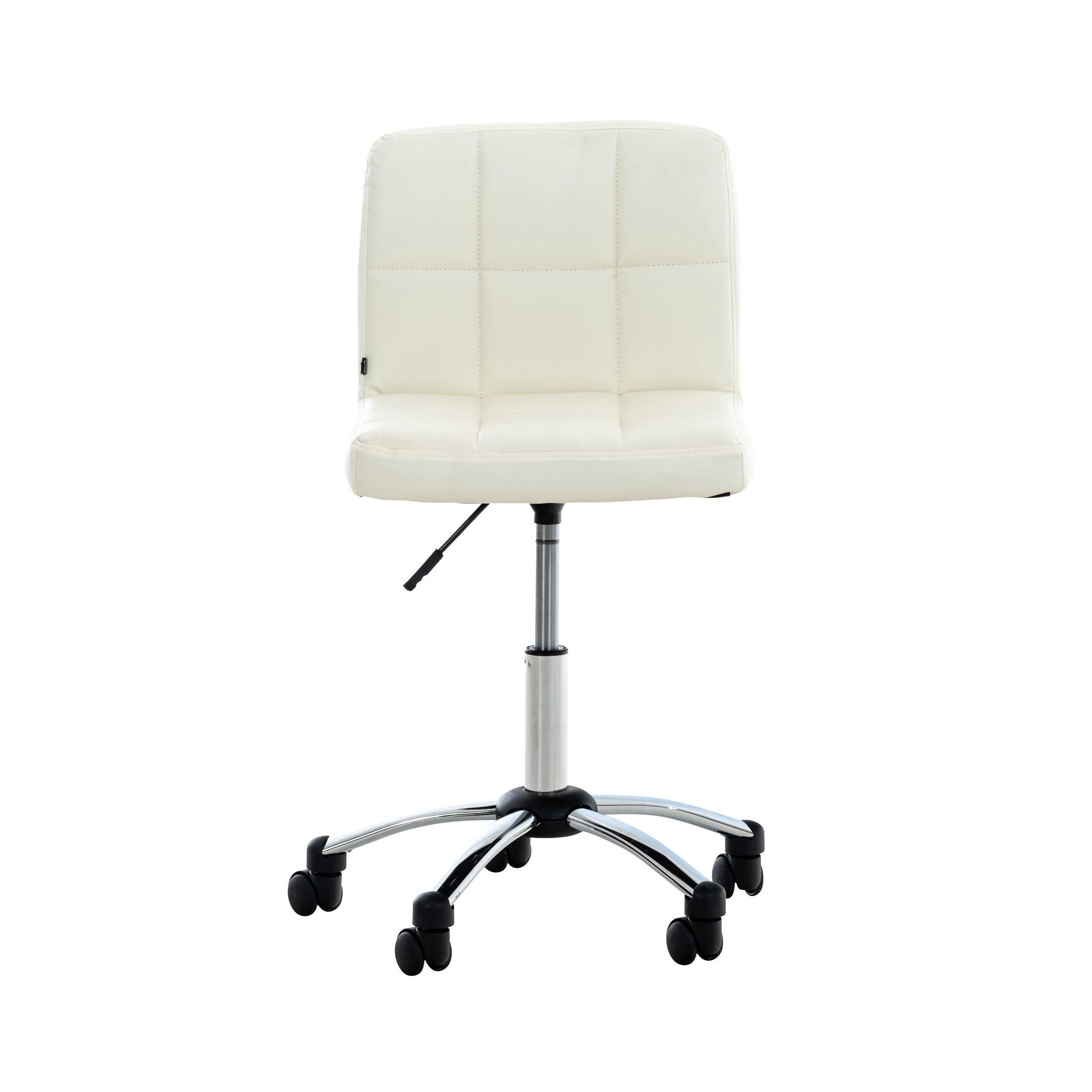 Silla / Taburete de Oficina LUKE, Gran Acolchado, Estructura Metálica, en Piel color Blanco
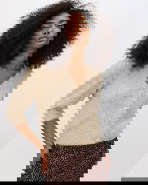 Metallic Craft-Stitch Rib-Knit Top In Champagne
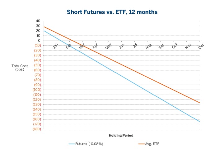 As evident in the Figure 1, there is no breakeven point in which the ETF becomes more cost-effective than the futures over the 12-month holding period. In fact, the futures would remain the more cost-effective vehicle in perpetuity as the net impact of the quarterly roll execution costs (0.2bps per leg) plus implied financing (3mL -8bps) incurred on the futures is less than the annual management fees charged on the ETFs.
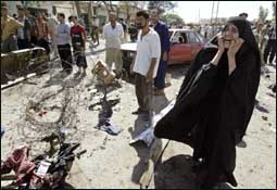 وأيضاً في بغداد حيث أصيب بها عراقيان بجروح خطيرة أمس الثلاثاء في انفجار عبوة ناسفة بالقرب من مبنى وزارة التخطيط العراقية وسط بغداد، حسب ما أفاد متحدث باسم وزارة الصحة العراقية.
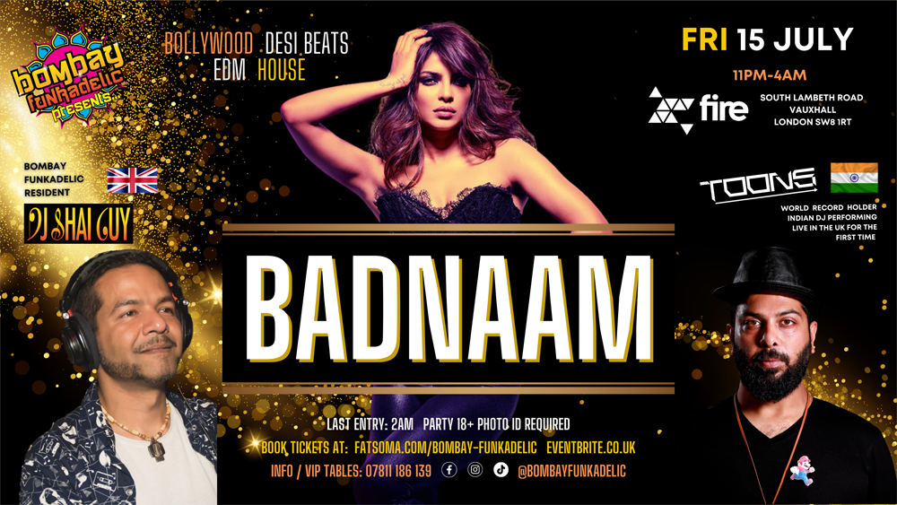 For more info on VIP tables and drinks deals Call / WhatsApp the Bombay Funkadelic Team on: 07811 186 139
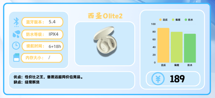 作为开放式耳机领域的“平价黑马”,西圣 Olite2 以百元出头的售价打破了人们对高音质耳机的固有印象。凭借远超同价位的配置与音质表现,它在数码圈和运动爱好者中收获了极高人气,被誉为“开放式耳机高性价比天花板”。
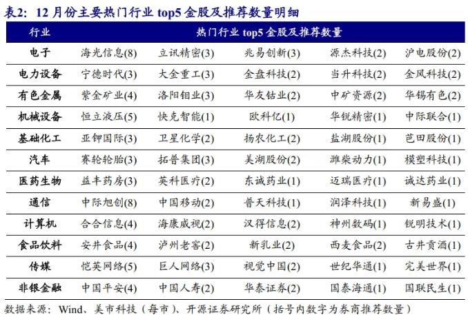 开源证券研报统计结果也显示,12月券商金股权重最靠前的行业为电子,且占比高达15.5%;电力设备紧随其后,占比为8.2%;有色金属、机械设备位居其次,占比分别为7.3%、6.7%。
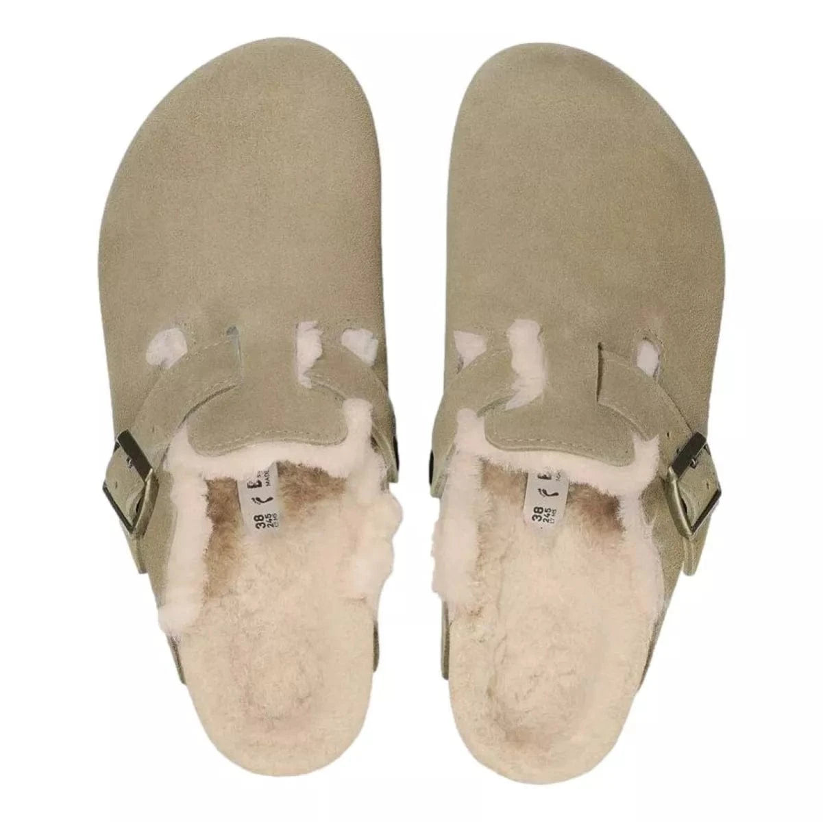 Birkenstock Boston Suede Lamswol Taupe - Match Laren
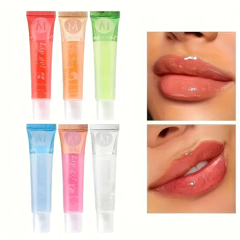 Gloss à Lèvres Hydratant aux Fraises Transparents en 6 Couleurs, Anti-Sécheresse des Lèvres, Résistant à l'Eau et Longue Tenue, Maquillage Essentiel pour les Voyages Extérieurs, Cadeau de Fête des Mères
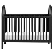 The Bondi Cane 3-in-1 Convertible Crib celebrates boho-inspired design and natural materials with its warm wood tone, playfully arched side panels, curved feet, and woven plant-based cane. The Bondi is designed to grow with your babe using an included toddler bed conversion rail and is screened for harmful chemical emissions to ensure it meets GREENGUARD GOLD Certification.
==========
[TRY IT] Retype all of the material above precisely as it reads. Pictures are not part of the copy.

[EXERCISE OUTPUT]
 Silla / Taburete de Oficina LUKE, Gran Acolchado, Estructura Metálica, en Piel color Blanco
 Metallic Craft-Stitch Rib-Knit Top In Champagne
 As evident in the Figure 1, there is no breakeven point in which the ETF becomes more cost-effective than the futures over the 12-month holding period. In fact, the futures would remain the more cost-effective vehicle in perpetuity as the net impact of the quarterly roll execution costs (0.2bps per leg) plus implied financing (3mL -8bps) incurred on the futures is less than the annual management fees charged on the ETFs.
 وأيضاً في بغداد حيث أصيب بها عراقيان بجروح خطيرة أمس الثلاثاء في انفجار عبوة ناسفة بالقرب من مبنى وزارة التخطيط العراقية وسط بغداد، حسب ما أفاد متحدث باسم وزارة الصحة العراقية.
 For more info on VIP tables and drinks deals Call / WhatsApp the Bombay Funkadelic Team on: 07811 186 139
 作为开放式耳机领域的“平价黑马”,西圣 Olite2 以百元出头的售价打破了人们对高音质耳机的固有印象。凭借远超同价位的配置与音质表现,它在数码圈和运动爱好者中收获了极高人气,被誉为“开放式耳机高性价比天花板”。
 开源证券研报统计结果也显示,12月券商金股权重最靠前的行业为电子,且占比高达15.5%;电力设备紧随其后,占比为8.2%;有色金属、机械设备位居其次,占比分别为7.3%、6.7%。
 Birkenstock Boston Suede Lamswol Taupe - Match Laren
 Gloss à Lèvres Hydratant aux Fraises Transparents en 6 Couleurs, Anti-Sécheresse des Lèvres, Résistant à l'Eau et Longue Tenue, Maquillage Essentiel pour les Voyages Extérieurs, Cadeau de Fête des Mères
 The Bondi Cane 3-in-1 Convertible Crib celebrates boho-inspired design and natural materials with its warm wood tone, playfully arched side panels, curved feet, and woven plant-based cane. The Bondi is designed to grow with your babe using an included toddler bed conversion rail and is screened for harmful chemical emissions to ensure it meets GREENGUARD GOLD Certification.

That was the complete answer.